Inadequate incident reporting systems
Unsafe work conditions also affect effective communication and improvement. Inadequate incident reporting systems can halt performance improvement and contribute to continuous endangerment of the staff. For example, a system that requires reporting both patients’ falls and “near-miss” falls, when a clinician received an injury to prevent the patient from obtaining one, allows for finding the cause of such instances (The Joint Commission, 2012). Reporting patient-and-staff incidents can help increase staff safety by devising plans to prevent injuries for both parties, not just the patients.
Improving communication
Unsafe working conditions also create room for certain communication issues. According to the Joint Commission (2013), communication failure was one of the top contributing root causes of adverse events reported from 2004 to 2011. Feeling unsafe in one’s working environment can contribute to one’s reluctance to ask questions openly. By fostering a safe working atmosphere and encouraging information exchange, a healthcare institution can improve nurses’ critical thinking skills, which directly benefits the patient. Rotations longer than 12 hours deprivation impair cognitive functions and cause irritability, negatively affecting effective communication. Adequate working hours can improve nurses’ communication and, as a result, their performance. If nursing staff is not informed about potential hazards of in-home care, it can put them in serious danger. A safety program to develop a risk prevention strategy is essential.
Conclusion
Workforce safety presents a fundamental component in providing exceptional care for patients.

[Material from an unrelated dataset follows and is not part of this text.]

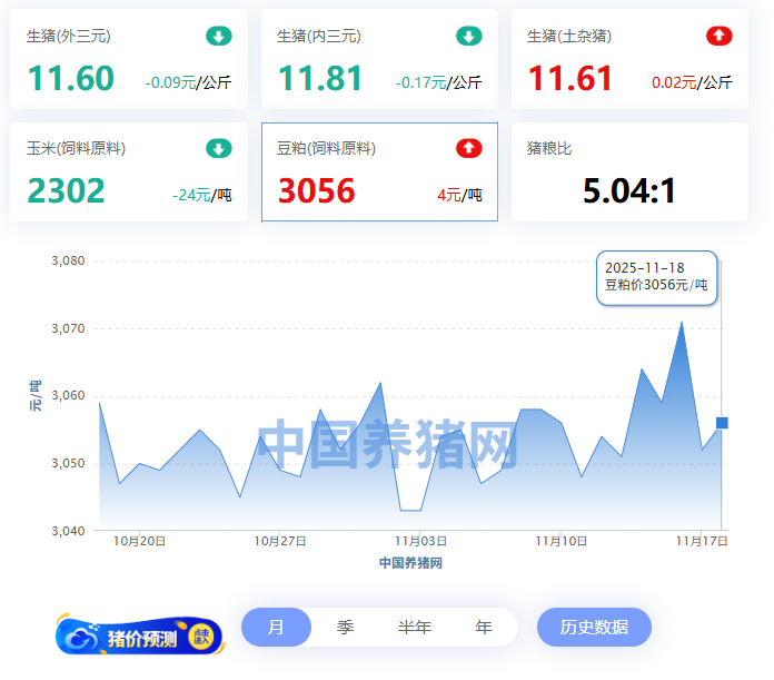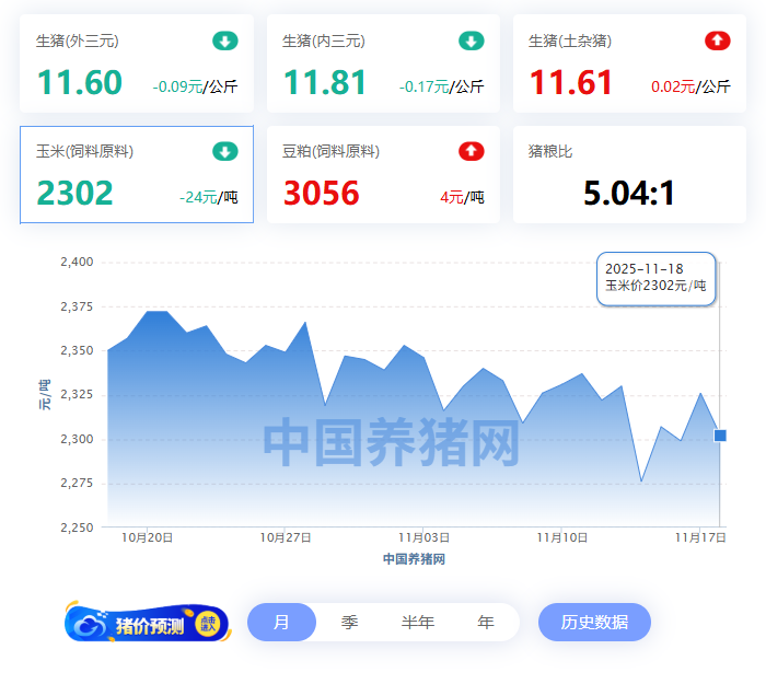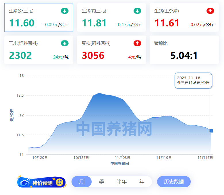 全国(生猪品种:土杂猪)均价为11.61元/公斤,猪价较昨日上涨0.02元/公斤,环比上涨4.69%,同比下跌29.25%;

Unsafe working conditions contribute to many issues, including violence, exposure to dangerous substances, miscommunication, and physical and mental disorders. It is crucial to implement relevant strategies and policies to achieve a synergy of personnel safety and patient safety.
References
The Joint Commission. (2012). Improving patient and worker safety: Opportunities for synergy, collaboration and innovation. Web.
National Academies of Sciences, Engineering, and Medicine. (2019). Taking action against clinician burnout: A systems approach to professional well-being.